§ **EXERCISE DESCRIPTION**: Here the job is to print all of the entries below verbatim and leave out any picture.

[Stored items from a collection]
┄┄┄┄┄┄┄┄┄┄┄┄┄┄┄┄┄┄┄┄

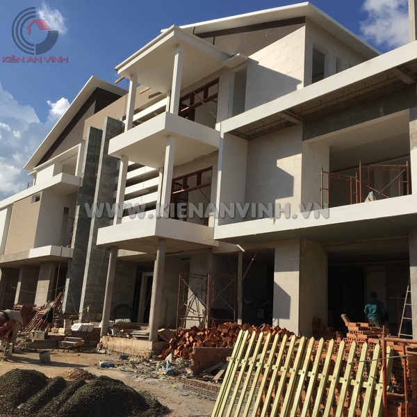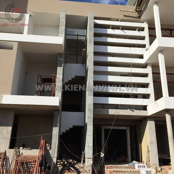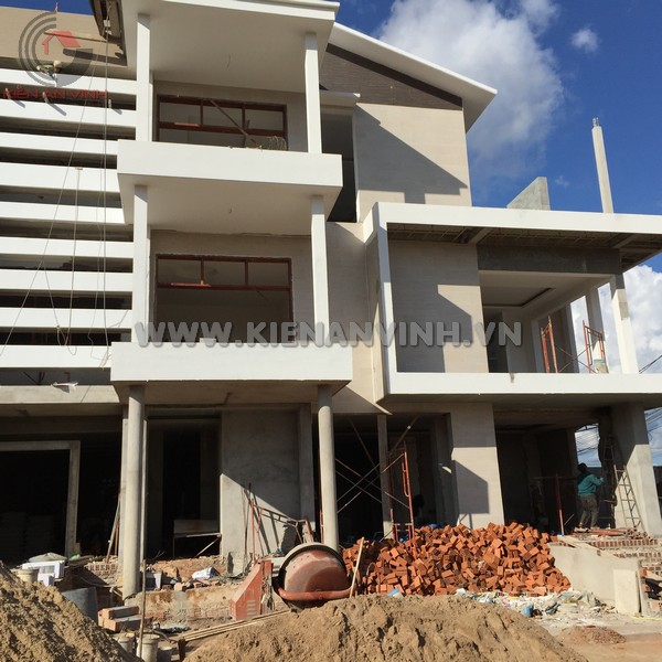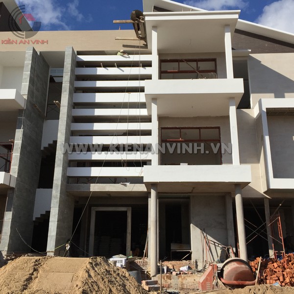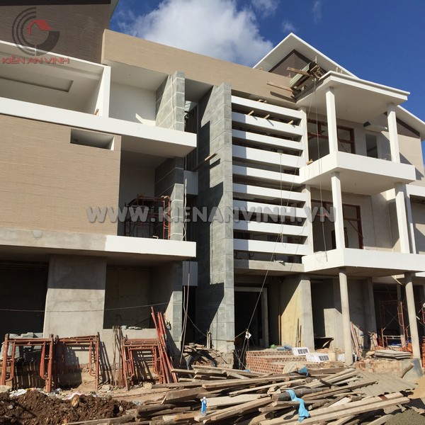 Một số hạng mục đang hoàn thiện nổi bật bao gồm việc ốp đá granite mặt tiền, điều này không những mang lại sự sang trọng mà còn khả năng chống chịu ngoại lực và chống bám bụi rất tốt.
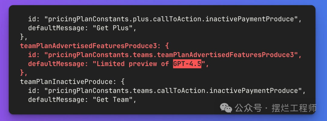ChatGPT Team 计划中提到的“GPT-4.5 模型”,不过目前已经被删除了。你也可以通过初始化ChataGPT页面时,查看模型API的请求,可以看到对应的模型。
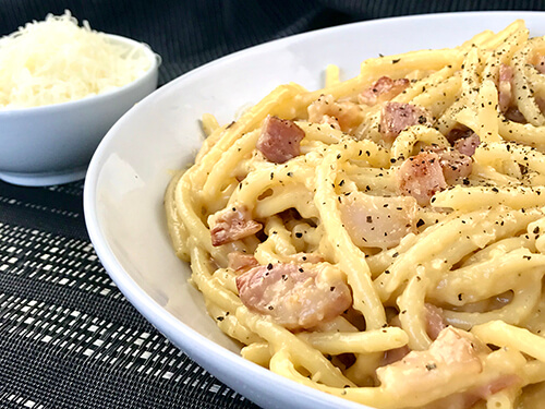 Espaguetis a la carbonara con nata para toda la familia (receta fácil)
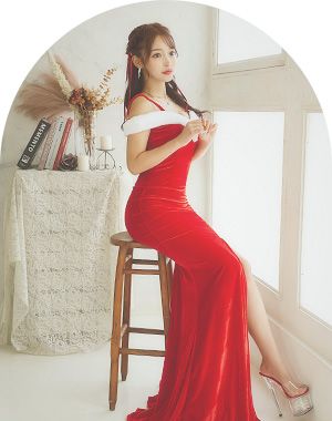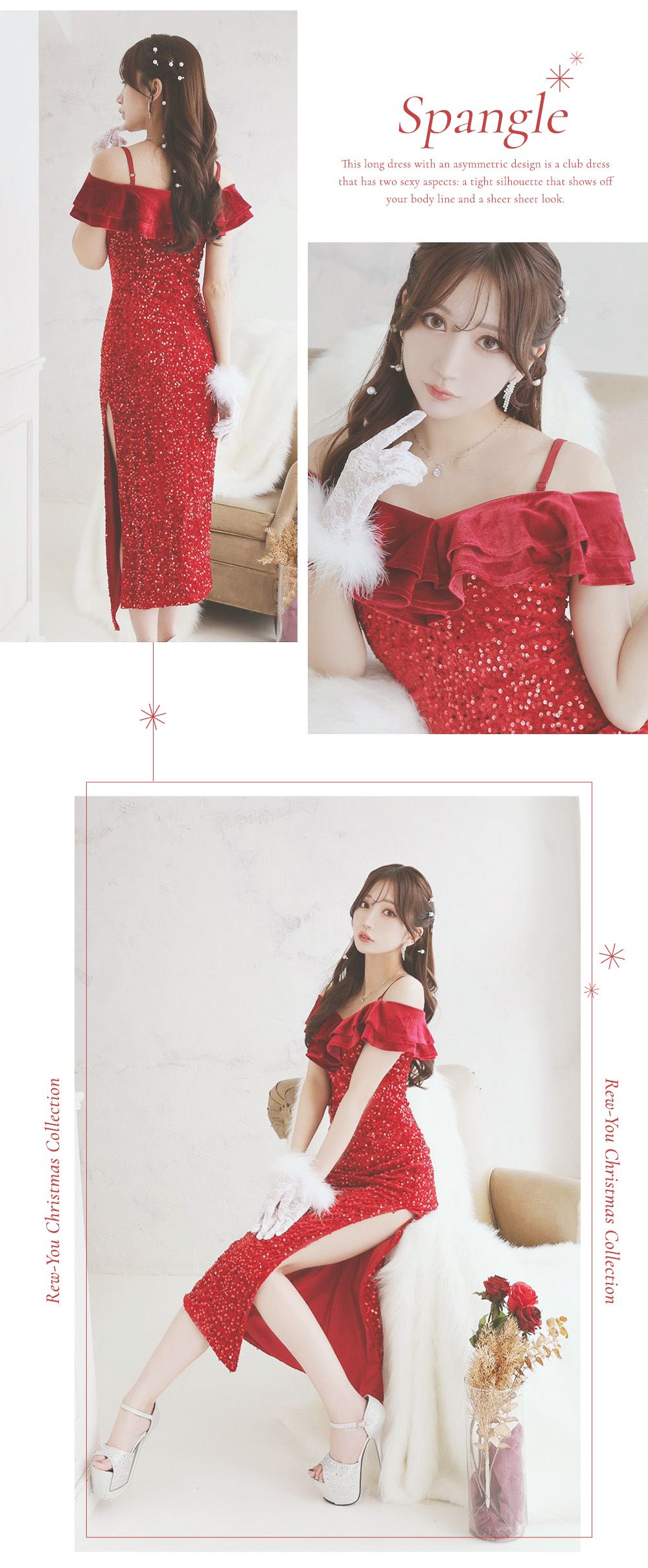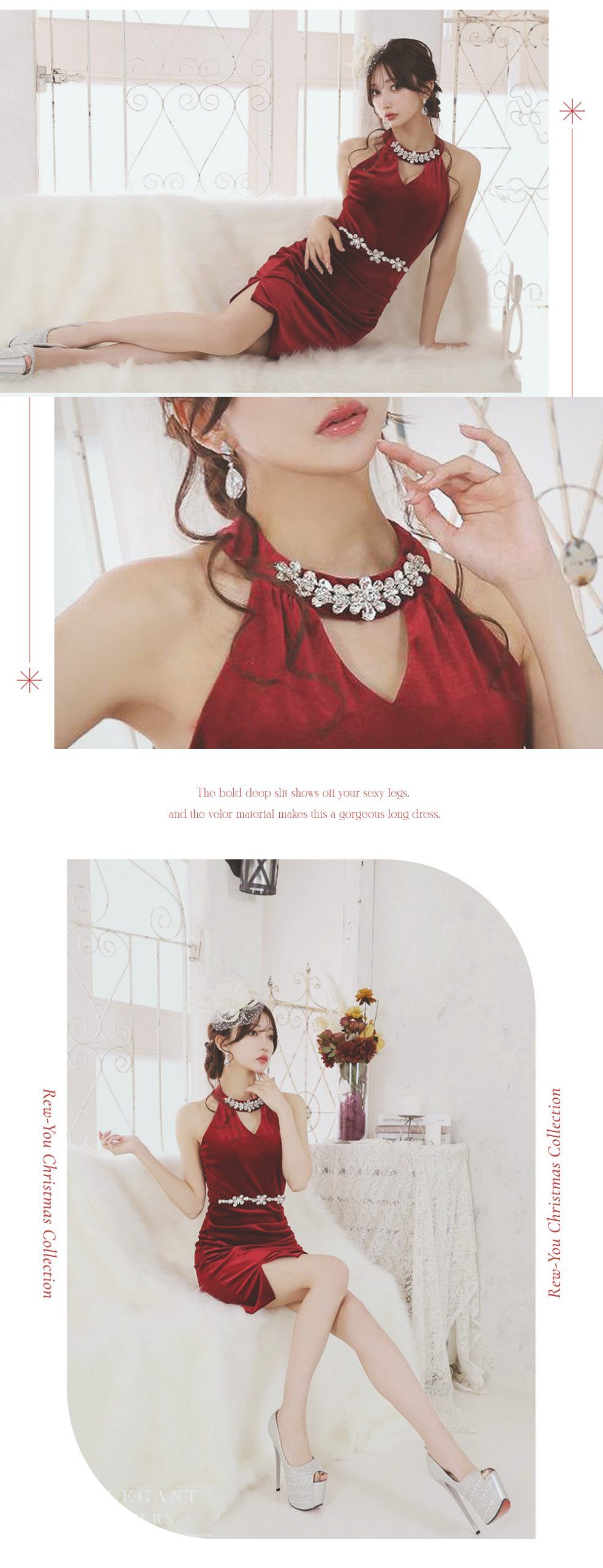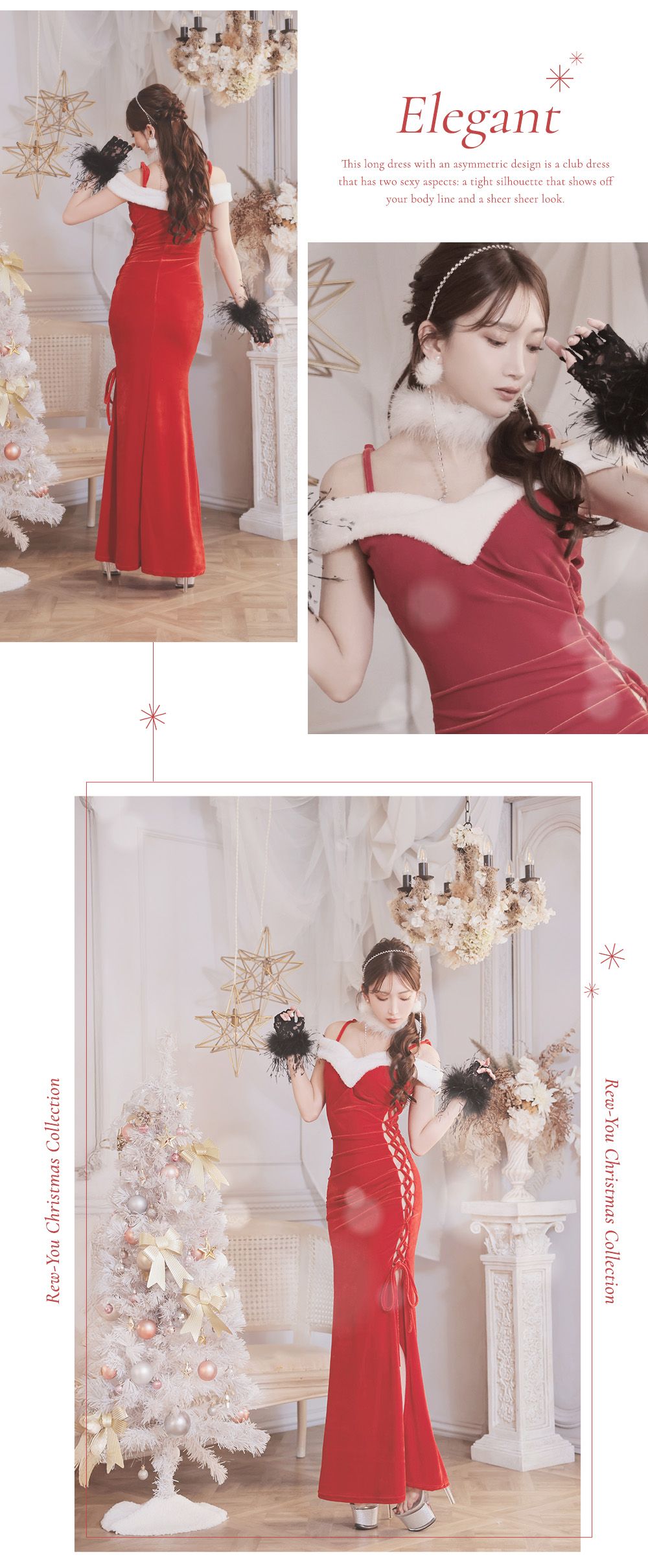 華やかなベルベットにペプラムデザインが映えるサンタロングドレス♡ウエストラインを美しく魅せるシルエットで上品にきらめく、クリスマスナイトにぴったり♡
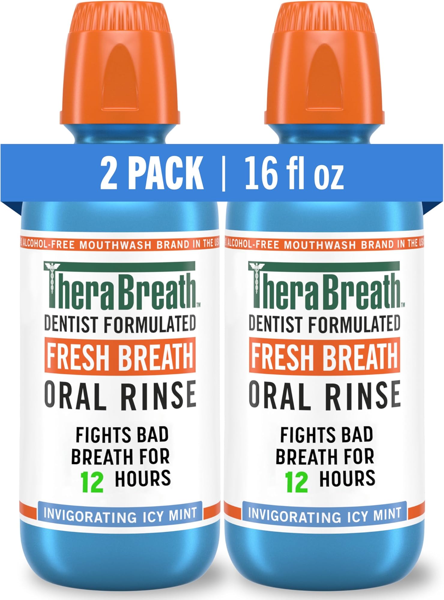 מי פה TheraBreath Fresh Breath, בטעם מנטה קפואה, ללא אלכוהול, 16 אונקיות נוזל (חבילה של 2)
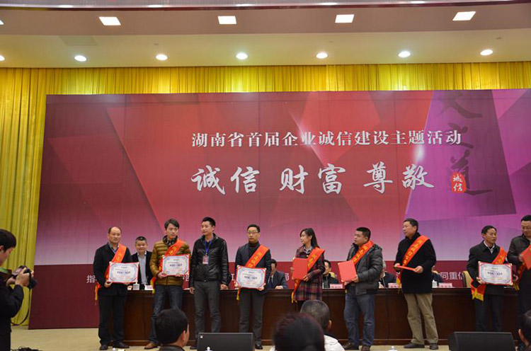 12月19日,湖南省委九所宾馆大会议室灯光闪耀,湖南省首届企业诚信建设主题活动颁奖庆典在这里隆重举办。本次活动中,公司荣获“湖南诚信企业”、“湖南诚信百强品牌”两项荣誉。
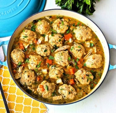 This one is cozy, old-fashioned comfort in a bowl. Think tender chicken, rich broth, herbs, and those pillowy dumplings that soak it all up. Yum!
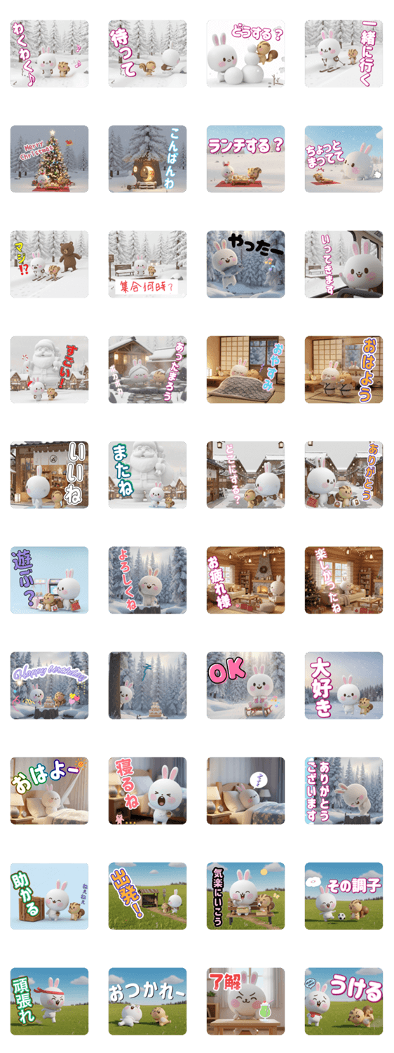 スタンプ 仲良し 日常 コンビ りす うさぎ
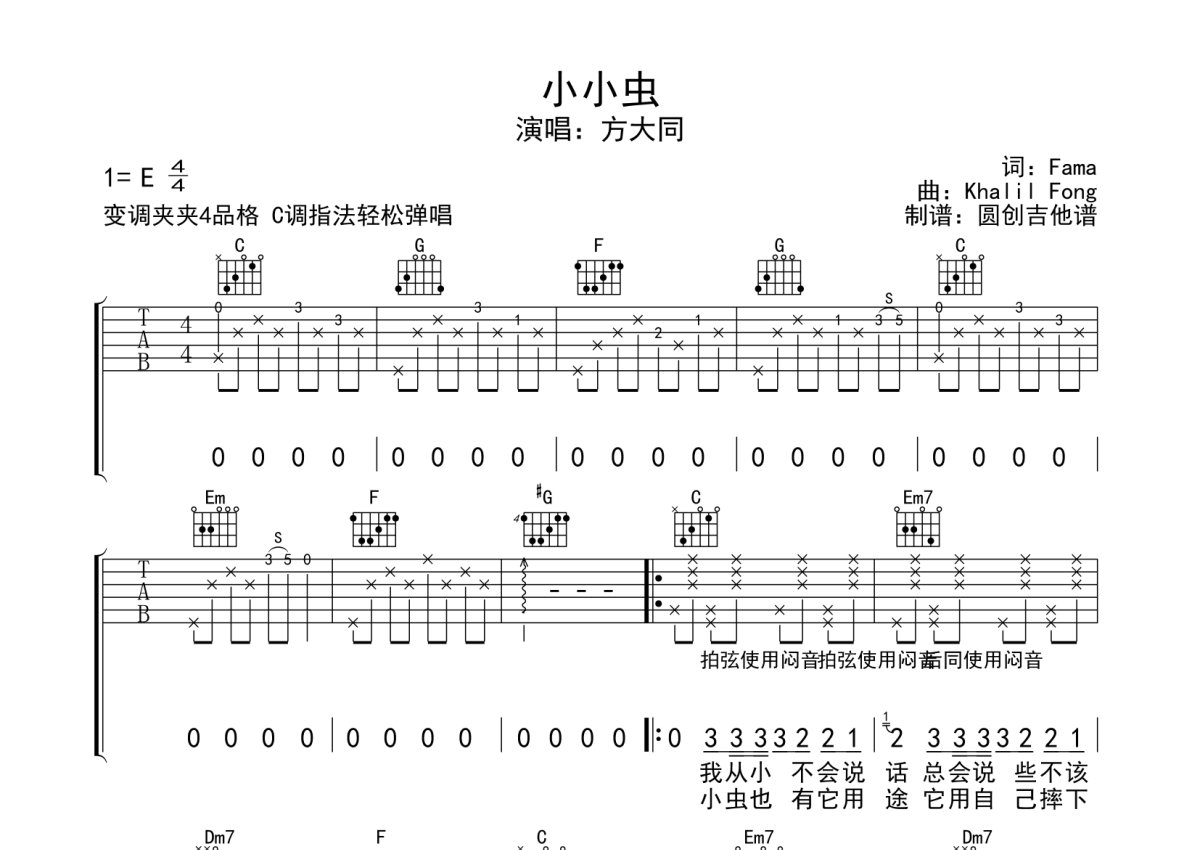 方大同《小小虫》吉他谱 - E调弹唱六线谱 - 分解加扫弦编配原版编配

┄┄┄┄┄┄┄┄┄┄┄┄┄┄┄┄┄┄┄┄

§ **RESULT**:
 Một số hạng mục đang hoàn thiện nổi bật bao gồm việc ốp đá granite mặt tiền, điều này không những mang lại sự sang trọng mà còn khả năng chống chịu ngoại lực và chống bám bụi rất tốt.
ChatGPT Team 计划中提到的“GPT-4.5 模型”,不过目前已经被删除了。你也可以通过初始化ChataGPT页面时,查看模型API的请求,可以看到对应的模型。
 Espaguetis a la carbonara con nata para toda la familia (receta fácil)
 華やかなベルベットにペプラムデザインが映えるサンタロングドレス♡ウエストラインを美しく魅せるシルエットで上品にきらめく、クリスマスナイトにぴったり♡
 מי פה TheraBreath Fresh Breath, בטעם מנטה קפואה, ללא אלכוהול, 16 אונקיות נוזל (חבילה של 2)
 12月19日,湖南省委九所宾馆大会议室灯光闪耀,湖南省首届企业诚信建设主题活动颁奖庆典在这里隆重举办。本次活动中,公司荣获“湖南诚信企业”、“湖南诚信百强品牌”两项荣誉。
 This one is cozy, old-fashioned comfort in a bowl. Think tender chicken, rich broth, herbs, and those pillowy dumplings that soak it all up. Yum!
 スタンプ 仲良し 日常 コンビ りす うさぎ
 方大同《小小虫》吉他谱 - E调弹唱六线谱 - 分解加扫弦编配原版编配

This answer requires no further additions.